— Aim of the exercise —
Look below for the line holding "座談会に先がけた座学では、齋" and the line holding "bundled with theme).". Transcribe exactly those lines and all lines between them, nothing more.

··· Dataset extract ···

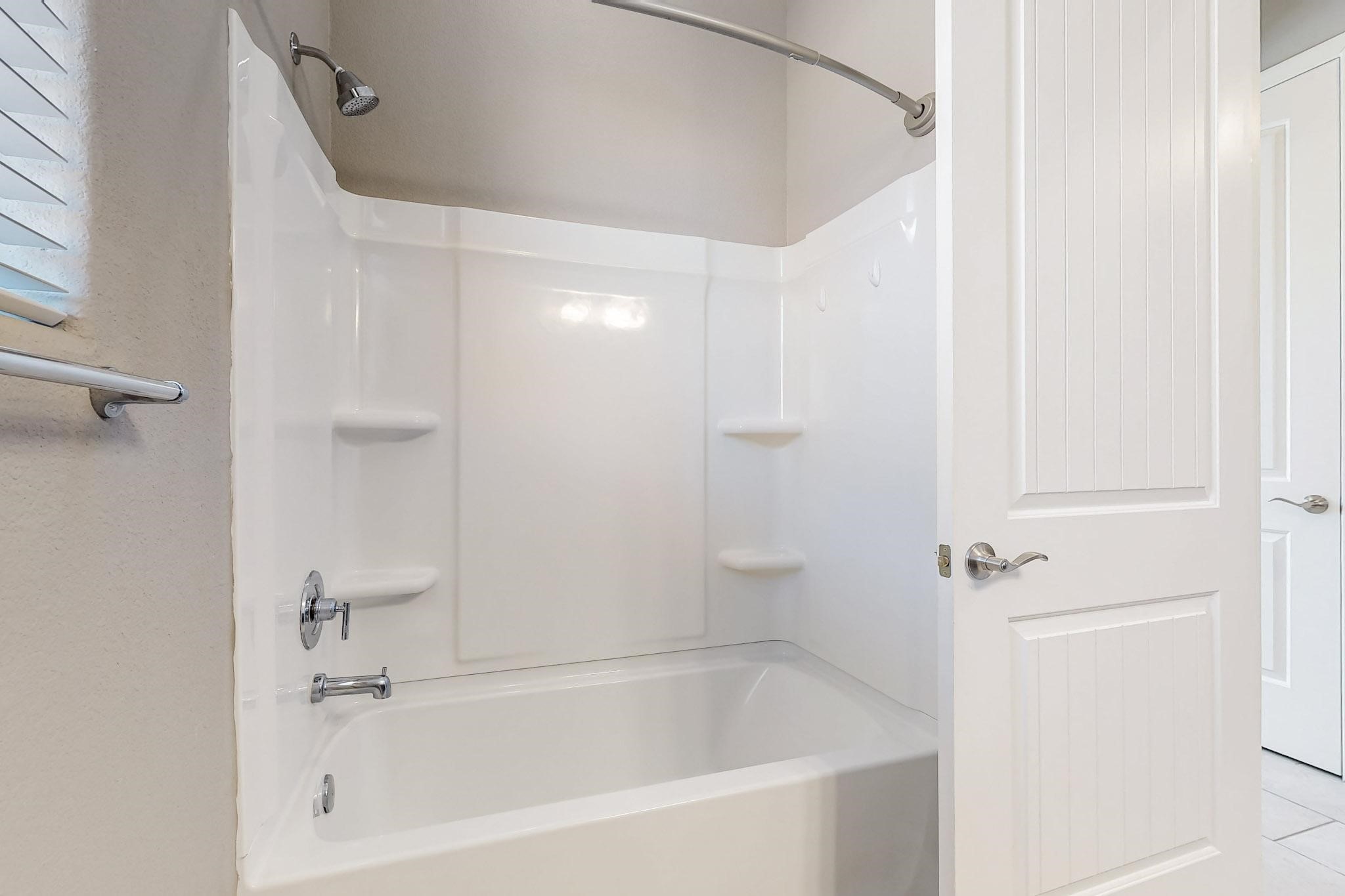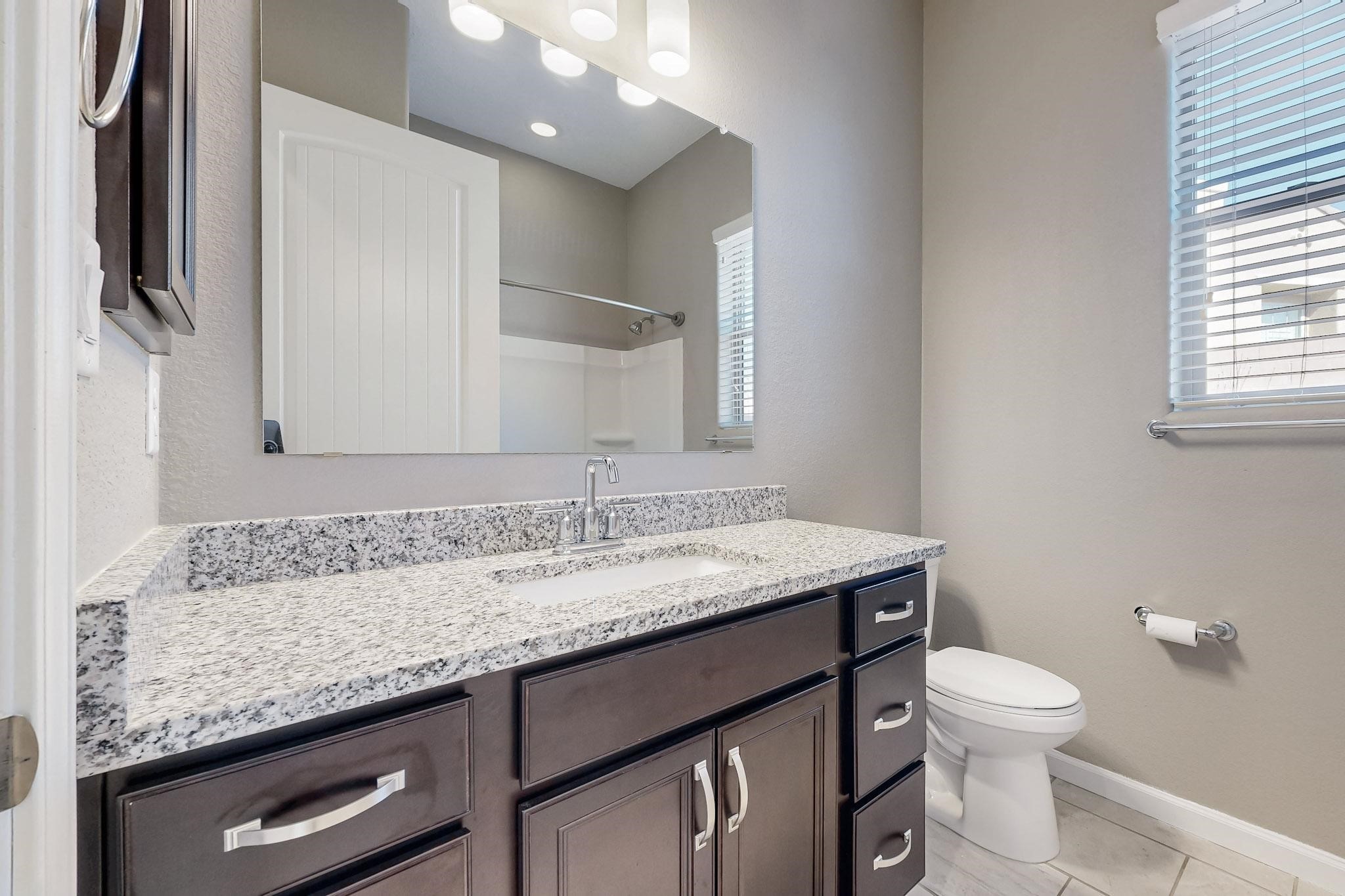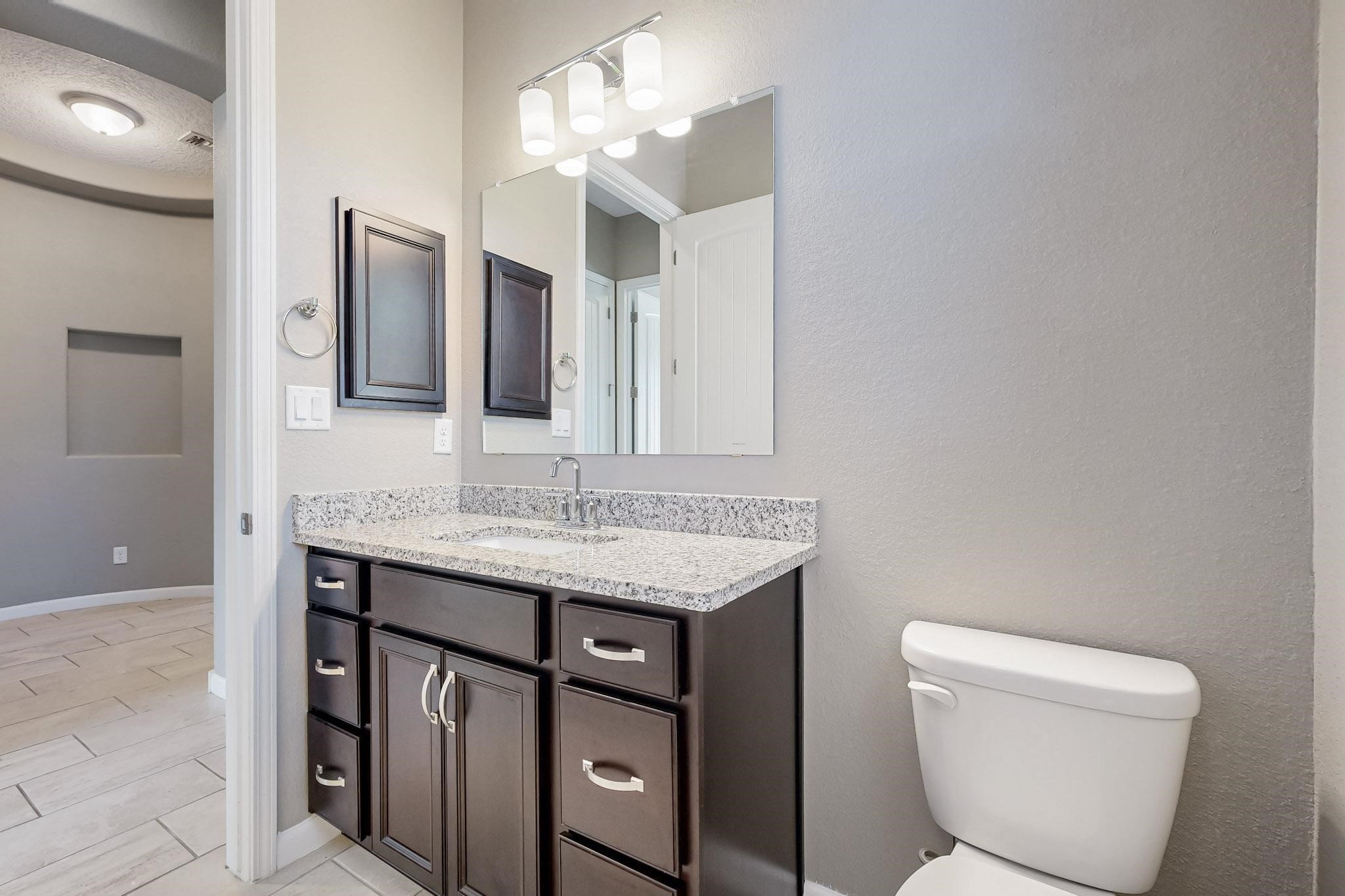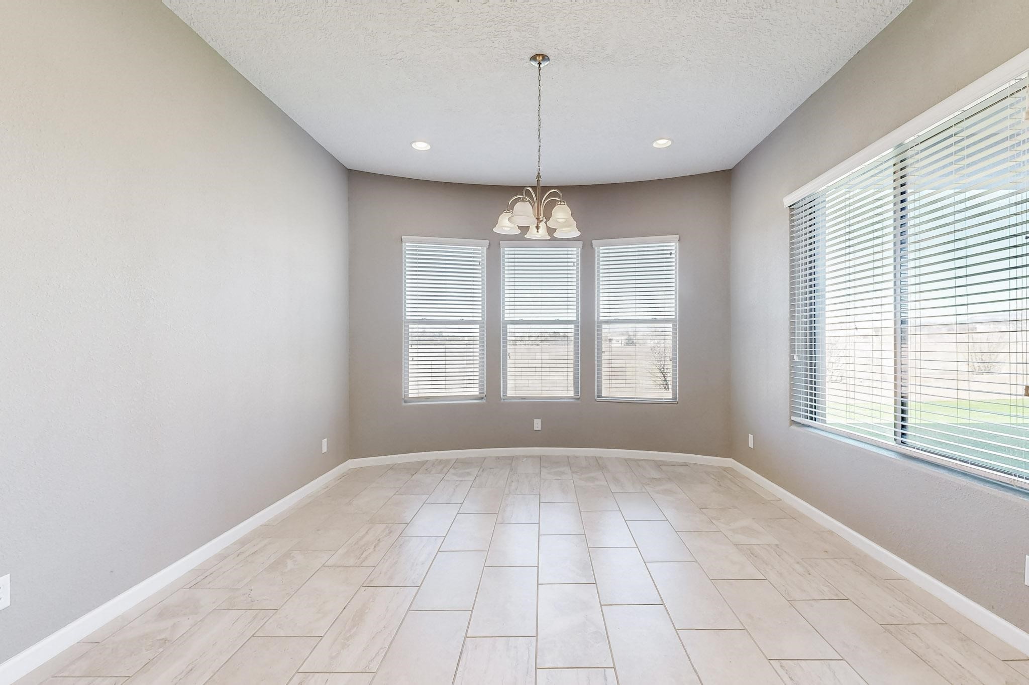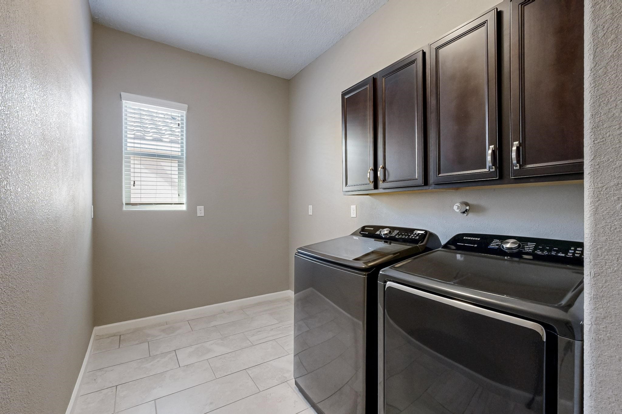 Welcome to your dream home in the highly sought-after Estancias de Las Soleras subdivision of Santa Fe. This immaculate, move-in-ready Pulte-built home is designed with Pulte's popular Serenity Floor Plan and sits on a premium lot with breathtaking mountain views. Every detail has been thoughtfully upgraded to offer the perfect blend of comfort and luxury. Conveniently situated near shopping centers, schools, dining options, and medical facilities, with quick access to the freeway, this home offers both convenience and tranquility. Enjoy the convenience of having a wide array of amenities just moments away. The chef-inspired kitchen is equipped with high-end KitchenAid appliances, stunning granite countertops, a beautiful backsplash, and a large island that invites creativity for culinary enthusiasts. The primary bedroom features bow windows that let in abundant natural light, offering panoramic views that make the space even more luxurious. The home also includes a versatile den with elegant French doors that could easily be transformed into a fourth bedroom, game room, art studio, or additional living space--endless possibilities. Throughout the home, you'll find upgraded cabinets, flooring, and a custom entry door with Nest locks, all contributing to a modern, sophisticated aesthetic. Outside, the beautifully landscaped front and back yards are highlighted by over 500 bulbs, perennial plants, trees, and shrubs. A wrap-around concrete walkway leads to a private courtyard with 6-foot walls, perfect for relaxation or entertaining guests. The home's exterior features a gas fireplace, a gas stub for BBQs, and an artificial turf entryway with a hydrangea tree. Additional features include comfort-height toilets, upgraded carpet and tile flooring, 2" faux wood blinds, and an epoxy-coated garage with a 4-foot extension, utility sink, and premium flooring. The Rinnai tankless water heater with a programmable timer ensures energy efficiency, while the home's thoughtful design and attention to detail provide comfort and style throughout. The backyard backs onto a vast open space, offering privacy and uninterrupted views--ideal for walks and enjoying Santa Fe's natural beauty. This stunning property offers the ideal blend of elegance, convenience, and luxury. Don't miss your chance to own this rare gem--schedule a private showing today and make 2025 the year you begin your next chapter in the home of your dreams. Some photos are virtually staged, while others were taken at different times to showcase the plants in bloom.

···
··· Dataset extract ···

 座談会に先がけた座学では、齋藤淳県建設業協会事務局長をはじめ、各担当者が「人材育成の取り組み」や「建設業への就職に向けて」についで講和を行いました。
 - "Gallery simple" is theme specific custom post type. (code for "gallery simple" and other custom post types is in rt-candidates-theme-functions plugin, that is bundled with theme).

···
··· Dataset extract ···

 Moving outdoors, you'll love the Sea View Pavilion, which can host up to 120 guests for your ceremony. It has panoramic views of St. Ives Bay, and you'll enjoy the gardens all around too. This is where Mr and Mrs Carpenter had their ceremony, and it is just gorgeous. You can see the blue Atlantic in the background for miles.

···

— Problem solution —
 座談会に先がけた座学では、齋藤淳県建設業協会事務局長をはじめ、各担当者が「人材育成の取り組み」や「建設業への就職に向けて」についで講和を行いました。
 - "Gallery simple" is theme specific custom post type. (code for "gallery simple" and other custom post types is in rt-candidates-theme-functions plugin, that is bundled with theme).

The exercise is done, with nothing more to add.